Для меня остается загадкой и укором, почему я таким же образом не описала множества других замечательных путешествий, выпавших на мою долю. Путешествия по всей Австрии, например, с юга на север и с запада на восток, или по зимней Германии, или по романской Франции — от Парижа через Центральный Массив в Прованс, или многочисленные путешествия по Риму… Я называю только долгие, обширные странствия. А сколько коротких, и каких экзотических! Кроме лени у меня как будто нет объяснений для этого молчания. Но предполагаю еще один момент, менее постыдный: я берусь писать о путешествиях (как и о других предметах) тогда, когда со всей определенностью чувствую, что «здесь прошелся загадки таинственный ноготь». Ноготь Загадки Истории, который делает отметину на твоем сердце. Не то чтобы разгадать эту загадку, но побыть с ней подольше, дать ей побольше выговорить — вот что преодолевает мою графофобию.

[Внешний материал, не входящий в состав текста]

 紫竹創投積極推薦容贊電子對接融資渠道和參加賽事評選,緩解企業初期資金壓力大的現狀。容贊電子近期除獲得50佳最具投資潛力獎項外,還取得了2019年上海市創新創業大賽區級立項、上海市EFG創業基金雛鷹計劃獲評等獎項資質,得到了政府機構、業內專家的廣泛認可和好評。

Два первых путешествия выходили (одной книгой или порознь) в немецком, французском, английском переводах. По-русски книгой они вышли позже, с прекрасным предисловием Ксении Голубович[1]. Готовится к изданию итальянский томик. «Путешествие в Тарту» во Франции было поставлено в театре. Переводные издания этих «Путешествий» обыкновенно снабжаются большим реальным комментарием для иностранного читателя, который наших обстоятельств не знает. Теперь и для русского читателя комментарий к Брянску и Тарту, наверное, был бы полезен. Отчасти его восполняет комментарий к «Реквиему». «Все течет», как сказано в «Путешествии в Тарту», — и утекает из памяти последующих поколений.

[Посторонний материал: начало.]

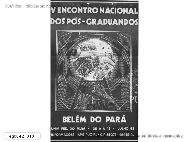 Cartaz de divulgação do V Encontro Nacional dos Pós-graduandos, em Belém/PA, 06 a 13/07/1983. Desenho de uma pessoa saindo de um poço, do ponto de vista dessa pessoa. |
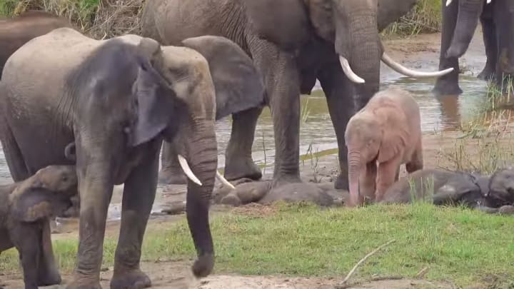 Albinism in elephants can present affected calves with various challenges. While this calf appears fully accepted by its herd, there have been instances where others were rejected.

И, наконец, о путешествии вообще. Один римский старик на площади Венеции как-то доверительно сообщил мне: «Мы все здесь туристы». «И вы?» — спросила я, слыша и с трудом понимая его римский диалект. «Да, я родился в Риме, и мой отец родился в Риме, и дед, и прадед. Но все равно я турист. Мы все здесь туристы. Потом Господь позовет: „Домой, домой!“ („A casa! A casa!“ — он изобразил, как итальянские матери из окон зовут детей со двора). Тогда и пойдем домой. А пока путешествуем». И назидательно добавил: «А путешественникам нужно жить дружно». «Дети, домой!», об этом вечернем крике, который всегда прерывал наши самые интересные занятия, есть чудесная песня Моцарта. Но пока не позвали, продолжим наше путешествие.
ОС 10 октября 2012ПУТЕШЕСТВИЕ В БРЯНСК
(Хроника без претензий. 1981)
Известному путешественнику в Петушки, сентиментальному путешественнику по Югу Франции, несчастному путешественнику из Петербурга в Москву и благочестивому — из Парижа в Иерусалим и всем великим людям этого жанра посвящаю мой смиренный опыт.
«Давай писать набело impromptu, без самолюбия, и посмотрим, что выльется. Писать так скоро, как говоришь, без претензий; как мало авторов пишут, ибо самолюбие всегда за полу дергает и на место первого слова заставляет ставить другое».
К. Батюшков. «Чужое: мое сокровище!» Мая 3-го 1817
Земля у нас единая,
Земля у нас одна.
И песня лебединая
Народам не нужна!
Стихи брянского поэта, положенные на музыку там же
1. ПОГОДА
Только ранняя весна и поздняя осень делают путешествие по средней России вполне поэтичным. Я думаю так безо всякого злорадства, не как маркиз де Кюстин. Что считать поэтичным… «И бездны мрачной на краю». Несколько недель ноября и марта — это ведь и есть укрощенное подобие такой бездны, репетиция той хляби, тех вод, которые когда-нибудь, как говорит Тютчев, опять покроют все сущее.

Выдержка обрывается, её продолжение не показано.